DATASET EXTRACT
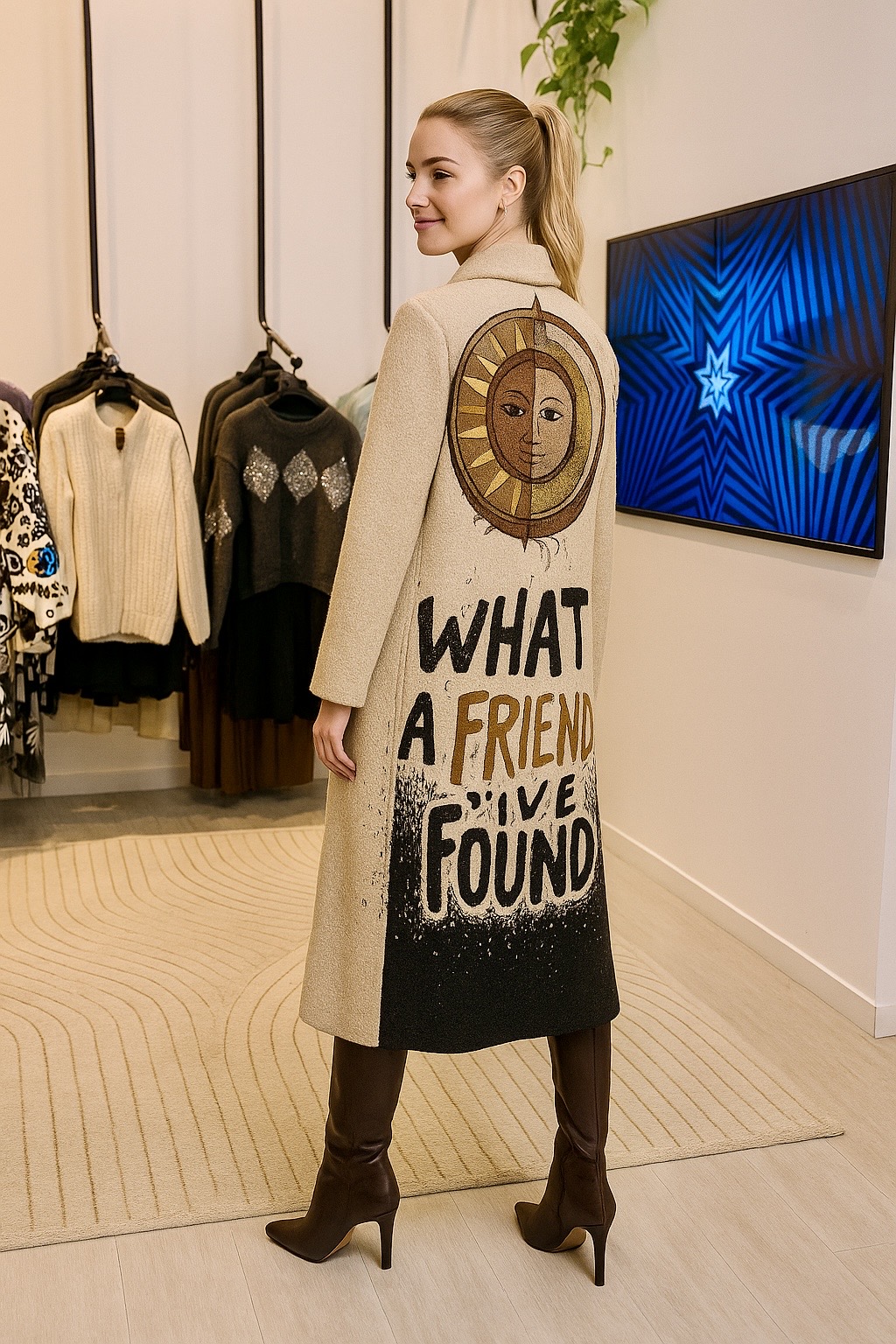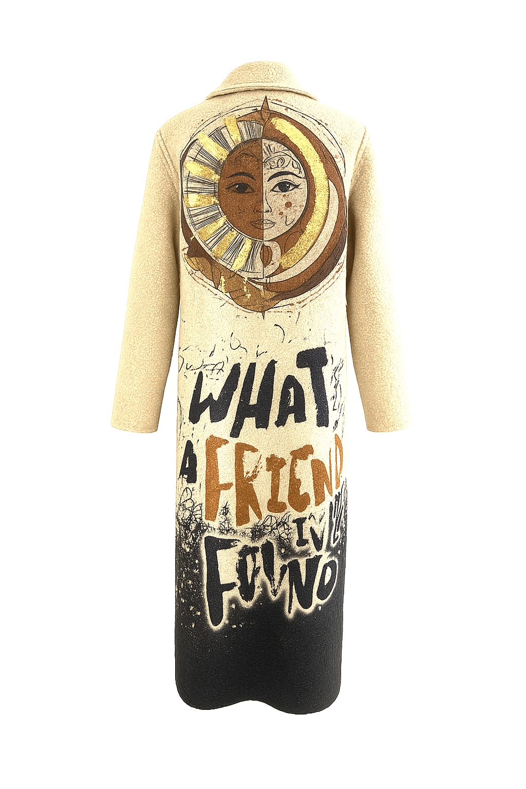 Este abrigo largo con tejido buoclé combina elegancia, calidez y simbolismo. Su textura suave y envolvente transmite confort inmediato, mientras que su corte estructurado con solapas amplias y dos botones frontales aporta una silueta sofisticada y atemporal. posee dos bolsillos externos frontales. La parte posterior es una verdadera obra de arte, con un estampado exclusivo con el sol y la luna en tonos dorados, representado la dualidad entre la luz y la sombra, el día y la noche, el alma y la materia. Debajo la frase refuerza el mensaje de conexión, gratitud y equilibrio interior. Ideal para mujeres y hombres seguros, con un espíritu libre y una mirada artística del mundo. Perfectos para días fríos donde deseas destacar sin esfuerzo: sobre un look de noche o vaqueros y botas al mejor estilo urbano chic.
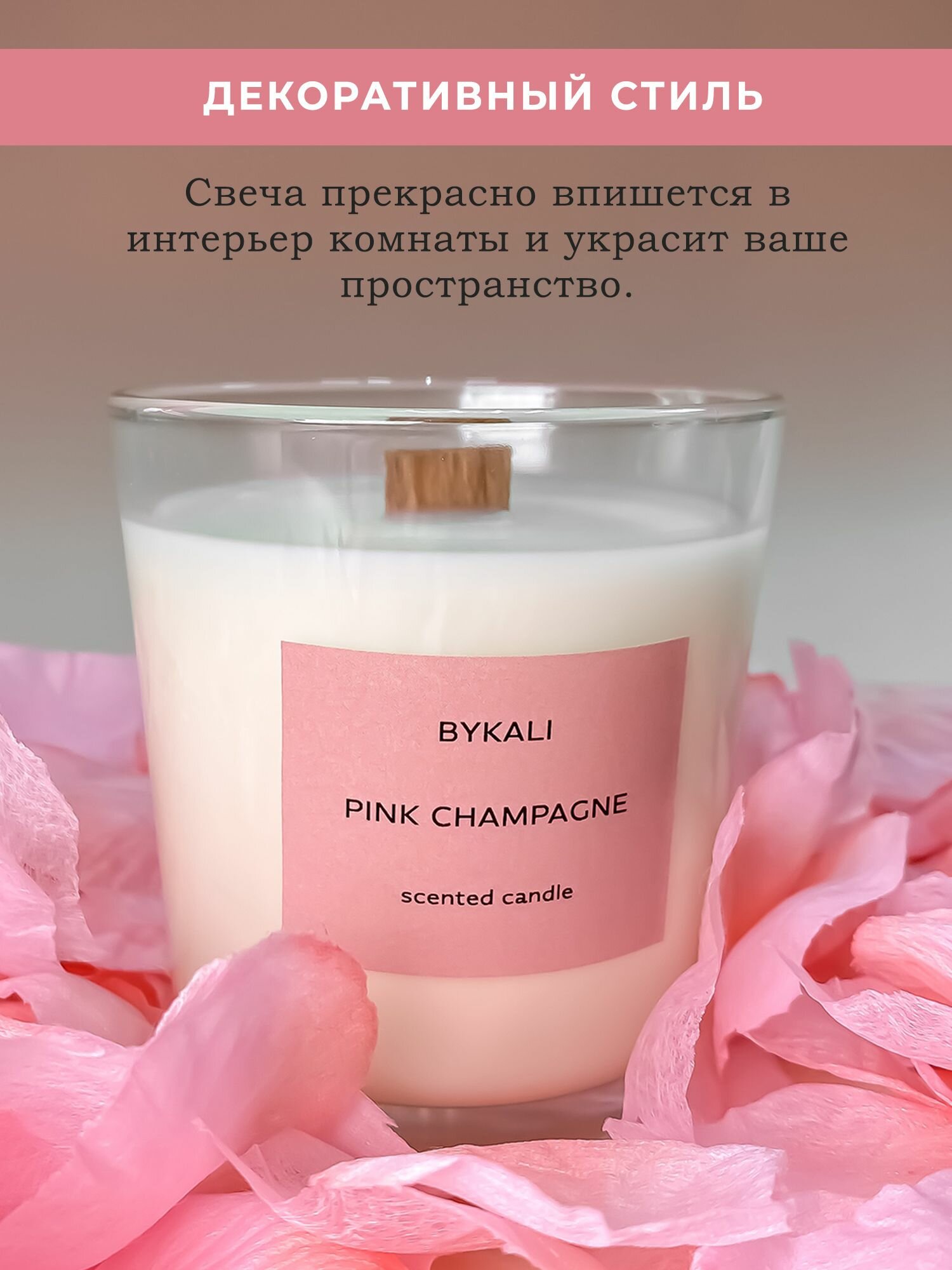 Купить Свеча ароматическая "BYKALI" Розовое шампанское - с деревянным фитилем в стакане с крышкой 200 мл
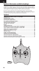 DE * Umgekehrtgas warnung: Der Sender gibt einen Warnton aus und zeigt blinkende LEDs an, wenn die Gas umgekehrt werden, nachdem der Sender aus- und wieder eingeschaltet wurde. Sie müssen die Taste Binden /Schalter A gedrückt, um die Umgekehrtgas warnung zu akzeptieren und zu entfernen. Werksreset: Schalten Sie den Sender ein, während Sie die Bedienelemente nach unten und außen halten. Der Sender gibt eine Reihe von Signaltönen aus und kehrt zu den Werkseinstellungen zurück.
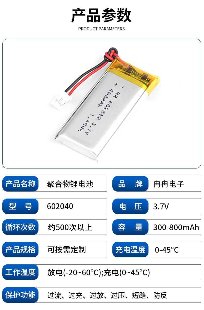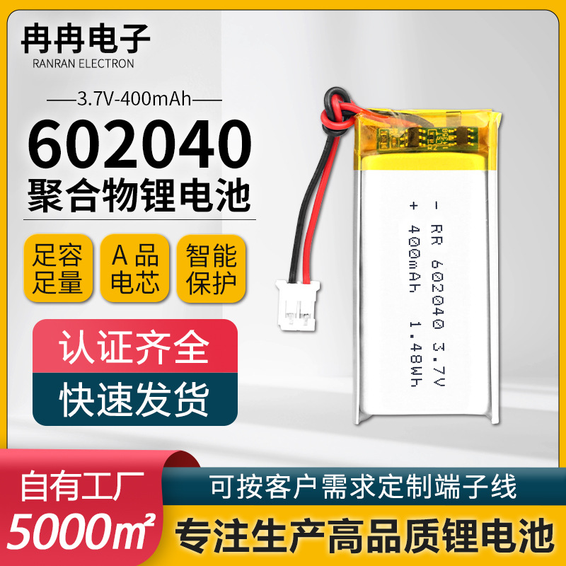 602040 폴리머 리튬 배터리 400mAh 용량 전자 헤드폰 손난로 눈 마사지기 충전식 배터리

WHAT YOU WILL DO
Omitting all pictures, give the preceding listing again exactly.

RESPONSE
 Este abrigo largo con tejido buoclé combina elegancia, calidez y simbolismo. Su textura suave y envolvente transmite confort inmediato, mientras que su corte estructurado con solapas amplias y dos botones frontales aporta una silueta sofisticada y atemporal. posee dos bolsillos externos frontales. La parte posterior es una verdadera obra de arte, con un estampado exclusivo con el sol y la luna en tonos dorados, representado la dualidad entre la luz y la sombra, el día y la noche, el alma y la materia. Debajo la frase refuerza el mensaje de conexión, gratitud y equilibrio interior. Ideal para mujeres y hombres seguros, con un espíritu libre y una mirada artística del mundo. Perfectos para días fríos donde deseas destacar sin esfuerzo: sobre un look de noche o vaqueros y botas al mejor estilo urbano chic.
 Купить Свеча ароматическая "BYKALI" Розовое шампанское - с деревянным фитилем в стакане с крышкой 200 мл
 DE * Umgekehrtgas warnung: Der Sender gibt einen Warnton aus und zeigt blinkende LEDs an, wenn die Gas umgekehrt werden, nachdem der Sender aus- und wieder eingeschaltet wurde. Sie müssen die Taste Binden /Schalter A gedrückt, um die Umgekehrtgas warnung zu akzeptieren und zu entfernen. Werksreset: Schalten Sie den Sender ein, während Sie die Bedienelemente nach unten und außen halten. Der Sender gibt eine Reihe von Signaltönen aus und kehrt zu den Werkseinstellungen zurück.
 602040 폴리머 리튬 배터리 400mAh 용량 전자 헤드폰 손난로 눈 마사지기 충전식 배터리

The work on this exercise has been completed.